Asset-centric data orchestration with lineage, partitions, and a sensor
loop, packaged as a single DuckDB extension. Define tasks → automatic DAG +
asset graph, partition-aware execution, Dagster-style declarative automation,
Snowflake-compatible CREATE DYNAMIC ASSET syntax, MCP server for Claude Code,
Mermaid visualization, and OpenLineage emission — all in one LOAD.
LOAD duckorch;
PRAGMA orch_register('./tasks/'); -- load *.sql files
PRAGMA orch_backfill('analytics.daily', '2026-01-01', '2026-12-31');
PRAGMA orch_sensor_start; -- auto-run when upstream updates
PRAGMA orch_create_dynamic_asset(
'analytics.region_total', '5 minutes',
'SELECT region, SUM(total) FROM analytics.daily GROUP BY region');duck-orch register ./tasks/
duck-orch asset partitions analytics.daily # ✅⚪ calendar view
duck-orch backfill analytics.daily --from 2026-01-01 --to 2026-12-31
duck-orch automation simulate analytics.region_total
duck-orch dynamic migrate-from-snowflake snowflake_dump.sql| Task definition | One SQL file = one task. Metadata in -- @key value comment headers (SQLMesh-style). |
| Dependency resolution | DAG built from inputs/outputs. sqlparser-rs infers them from the SQL if you don't. |
| Execution | Topological order, parallel within a layer (SET orch_max_parallel = 4). |
| Failure handling | Exponential backoff retry, then skip downstream tasks. |
| Incremental | @incremental_by ts + {{ last_processed_at }} for delta processing. |
| Tests / lineage / visualization / OpenLineage / scheduling | See DESIGN.md for the originally-shipped Phase 0–9 surface. |
| MCP server | duck-orch-mcp stdio server (rmcp 0.3) exposes 9 tools (list_pipelines, list_assets, run_pipeline with dry_run default, etc.) for direct Claude Code integration. |
| Asset as first-class | @asset name=... (or auto-derived from @outputs) promotes a task's output to __orch__.assets.
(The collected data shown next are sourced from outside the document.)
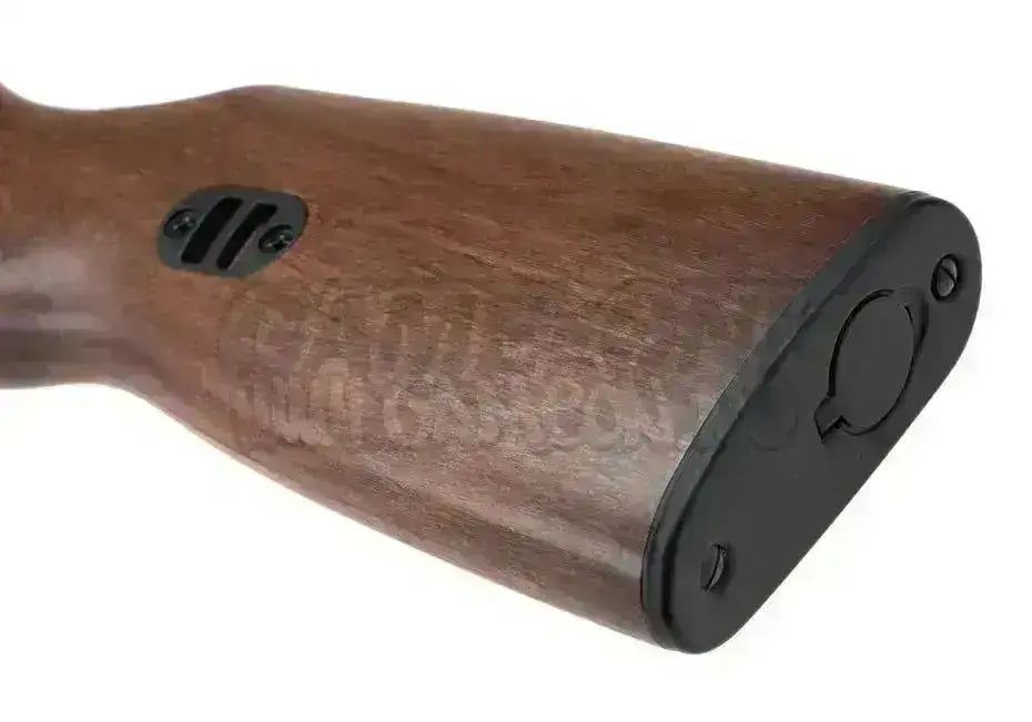 Detta historiska ryska SMG-gevär såg dagens ljus 1940 och fick smeknamnet "papasha" - vilket betyder far. SMG-geväret var känt för att ha en otroligt hög eldhastighet. Denna replik har en stålmottagare och själva stocken är gjord av snyggt fuskträ. För extra kul och realism har detta airsoftgevär elektriskt bakslag, vilket gör att bulten går tillbaka vid varje skott och man känner en liten rekyl.
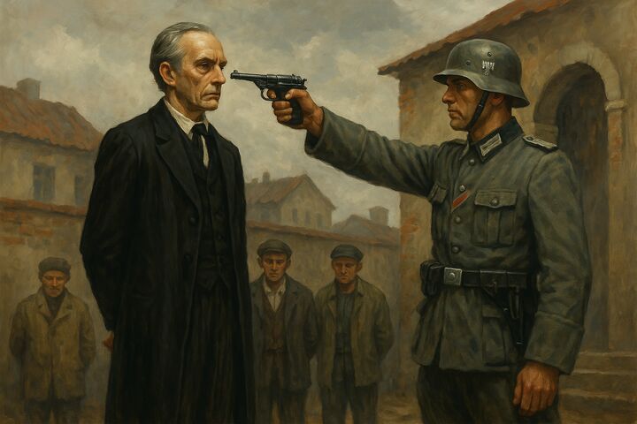 Выпускного вечера у десятиклассников в том году не было — началась Великая Отечественная война. Парней мобилизовали, а городок оккупировали фашисты. В первый же день они арестовали местных активистов: нотариуса, председателя сапожной артели и лесничего.
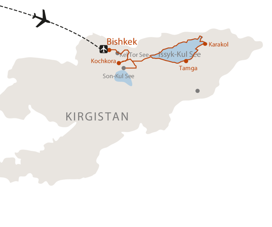 Auf den Spuren der Bergnomaden wandern wir in Kirgistan durch eine herrliche Bergwelt. Im Angesicht des mächtigen Tien-Shan-Gebirges schweift unser Blick über üppige Bergwiesen, entlang bizarrer Canyons und rauschender, glasklarer Wildbäche. Einer der Höhepunkte ist die unberührte Bergwelt am Son-Kul-See, wo wir uns auf die zwei Übernachtungen in den authentischen Yurten freuen können. Der Weg führt uns in ursprüngliche Dörfer, weiter in die interessante Kleinstadt Karakol bis an die Ufer des Issyk-Kul-Sees, dem zweitgrößten Bergsee der Welt – Kirgistan, ein unvergessliches Naturerlebnis.
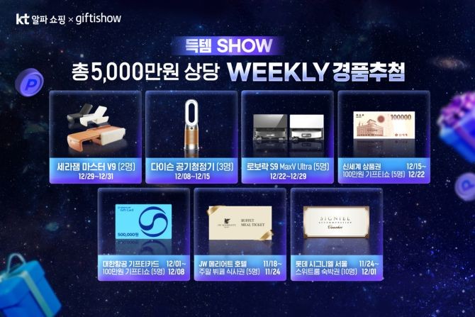 12월 마지막주까지 매주 위클리 경품 이벤트를 열고, 응모 및 추첨을 통해 총 5천만원 상당의 푸짐한 경품을 증정한다. 주차별 상품은 △JW 메리어트 호텔 주말 4인 뷔페 식사권 (5인) △롯데 시그니엘 서울 스위트룸 숙박권(10인) △대한항공 기프트카드 100만원권(5인) △다이슨 핫앤쿨 공기청정기 HP2(3인) △신세계 상품권 100만원권(5인) △로보락 로봇청소기 S9맥스(5인) △세라잼 마스터V9 안마기(2인) 이다. 구매 이력이 없어도 신규 및 통합회원 누구나 응모할 수 있다.
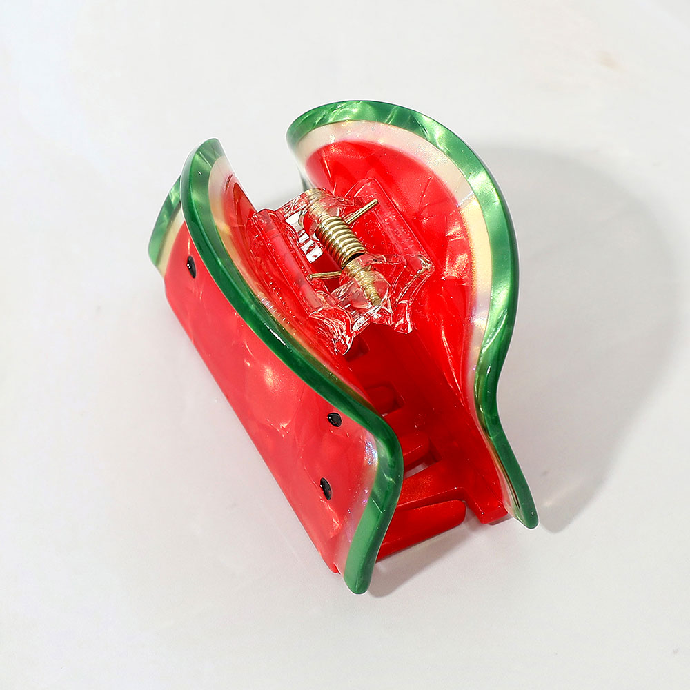 • Bring a refreshing touch to your hairstyle with this watermelon slice hair claw clip. Designed for a secure grip, this playful fruit-inspired accessory adds a unique and cheerful vibe to your everyday look.
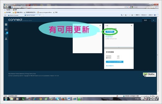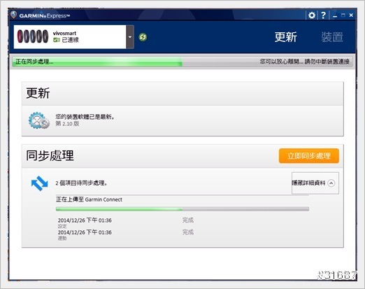 開啟Garmin Connect的同時,他會提醒使用者是否有vivosmart的版本更新,只要點選”有可用更新”,開啟Garmin Express小地球圖示即可更新軟體(同步進行時請勿中斷裝置唷!!)。
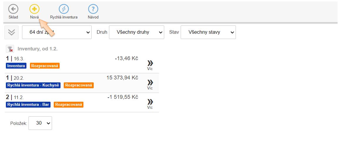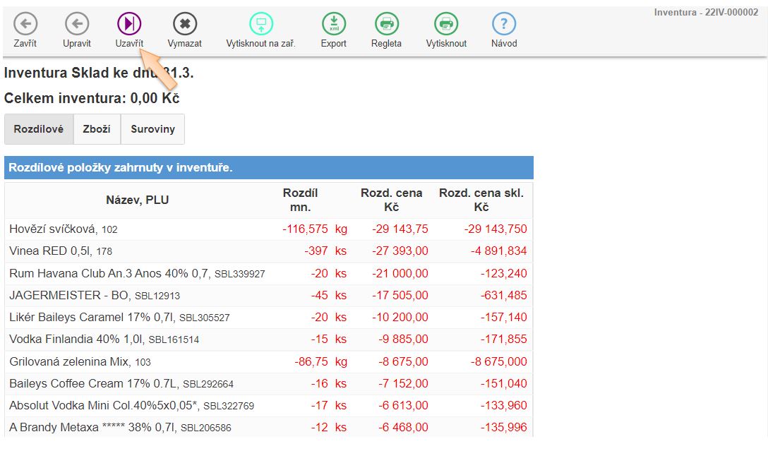 Systém na pozadí automaticky činí inventurní příjem, resp. pokud byl na položkách nějaký stav, udělá výdej, aby po vypořádání byl stav na kartách 0. Po nahození dokladů od dodavatelů do systému, doporučujeme provést inventuru se skutečným počtem skladových zásob.

Per-Asset materialization history, code_version hash, declared edges, owner, group, description, tags. |
| Partitions | @partitions_by daily(start=2026-01-01) / static(jp,us,eu) / multi(date=..., region=...). $partition_key is bound via DuckDB PREPARE (multi-statement aware) so the task SQL runs once per partition. |
| Backfill | duck-orch backfill <asset> --from D --to D | --partition K | --missing with calendar-style ✅🟡❌⚪ ASCII output. |
| DSL Automation | @automation eager | on_cron(...) | on_interval(...) | on_missing | freshness_violated | in_progress plus & / | / ! operators. Stateless evaluator with target_lag_seconds throttle wrapper. |
| Interval tracking | SQLMesh-style: @automation on_interval("daily") + @interval_start 2026-01-01 tracks which time intervals have been processed (__orch__.asset_intervals) instead of comparing wall-clock timestamps. Gaps are computed set-difference style, contiguous gaps run as one batch, and ${interval_start} / ${interval_end} (ISO UTC) + ${interval_start_ts} / ${interval_end_ts} (epoch) are substituted into the task SQL. @lookback N re-processes trailing intervals for late data; @allow_partials includes the in-progress interval. PRAGMA orch_restate('asset', '2026-06-01', '2026-06-03') deletes stored intervals so the next tick recomputes them. |
| Sensor loop | Background std::thread polls every N seconds (PRAGMA orch_sensor_set_interval), evaluates eligible Assets via the Rust evaluator, logs to __orch__.automation_evaluations, and fires RunSingleTask when condition_met. |
| Freshness + Asset Check | @freshness max_lag=60min ties into FreshnessViolated. @check name=N "<SQL>" expect <op> <value> runs at end of every successful task; severity=error failures block downstream. ${asset} substituted at execution. |
Snowflake CREATE DYNAMIC ASSET |
PRAGMA orch_create_dynamic_asset(name, target_lag, sql) synthesizes a task + Asset + automation_condition='eager()' so the sensor picks it up. duck-orch dynamic migrate-from-snowflake <dump> parses a Snowflake dump and registers every block (skipping WAREHOUSE/REFRESH_MODE/etc.). |
| 3-route surface | Every feature is reachable from CLI (duck-orch ...), SQL (PRAGMA orch_*), and MCP (Claude Code tools). |
The primary positioning: "DuckDB-native, offline, single-file Asset
orchestrator with Dagster's Declarative Automation + Snowflake's
TARGET_LAG semantics." Designed to run on a laptop (or in a plane)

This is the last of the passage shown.